Затем я увидел то, что уже заметил Прескотт, и чуть не потерял рассудок. Как мне объяснить или описать оживший ужас, пробившийся к нам из белого сияния? Его колоссальный рост объяснял гигантские порталы, через которые мы сами прошли по пути в это обиталище мерзости. Тварь издавала влажные хлюпающие звуки, продвигаясь скачущими рывками, и вместе с шумом от нее исходила тошнотворная вонь, доносимая до наших ноздрей теплым едким ветром, словно долетавшим из необъятности первобытного космоса.
Сама яркость света, окружавшего существо раскаленным добела сиянием, к счастью, не позволяла рассмотреть его подробно. Голова твари, казалось, менявшая форму вместе с ее прыжками, напоминала голову огромной улитки или слизня, в то время как в середине торчали смутно видимые клешни, похожие на оружие лобстера. В целом тварь казалась однобратственной — в том смысле, что тело ее состояло из толстых волокон, свивавшихся в пучки, с которых свисали клешневидные элементы.
Хуже того, за ней появились другие подобные формы, напоминая армию полуслепых существ, хлынувших из светящегося воздуха, как подводные обитатели из морских глубин. Но самым пугающим во всем этом был издаваемый ими шум: от бычьего мычания на басовом конце шкалы до высокого и пронзительного кошачьего мяуканья на другом. Может ли кто-нибудь винить нас в том, что все мы — включая, мне не стыдно сказать, даже великого профессора Кларка Эштона Скарсдейла — охваченные каким-то первобытным страхом, вцепились в тележку, быстро попятились и бросились бежать, спасая свои жизни?
ГЛАВА СЕМНАДЦАТАЯ
Мое дыхание с шипением и сипением вырывалось из горла, пока мы вслепую неслись по туннелю. В какой-то момент Прескотт споткнулся, и тележка, вырвавшись из его рук, врезалась в боковую стену. Раздался грохот, и тележка накренилась, снова ударилась о стену и с треском перевернулась.

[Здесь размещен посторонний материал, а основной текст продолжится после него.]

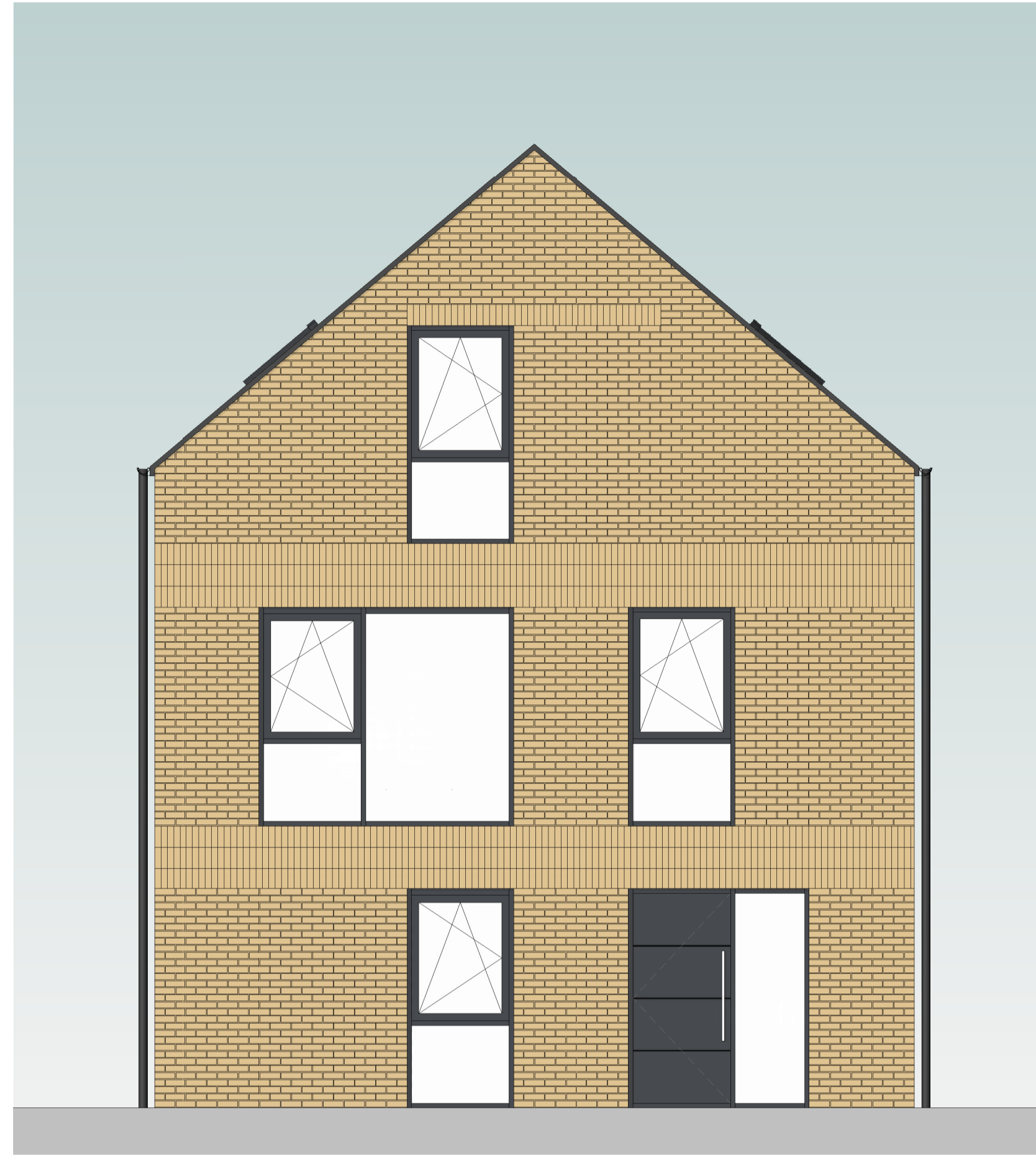
Front Elevation Scale: 1 : 50

Я услышал крик, но просто перепрыгнул через ленту криво торчавшего на треноге пулемета и помчался дальше. Несколько минут спустя Скарсдейл, Прескотт и я достигли места, где снова начали сгущаться сумерки. С пристыженными лицами, тяжело дыша, мы прислонились к стене туннеля и стали оценивать положение.
Мы понимали, что было не до взаимных упреков, да и вопрос был слишком важным для таких пустяков. Первым делом Скарсдейл связался с Ван Даммом и рассказал ему о том, что мы видели, конечно, в более сдержанных выражениях. Когда он закончил разговор, у меня впервые появилась возможность расспросить его.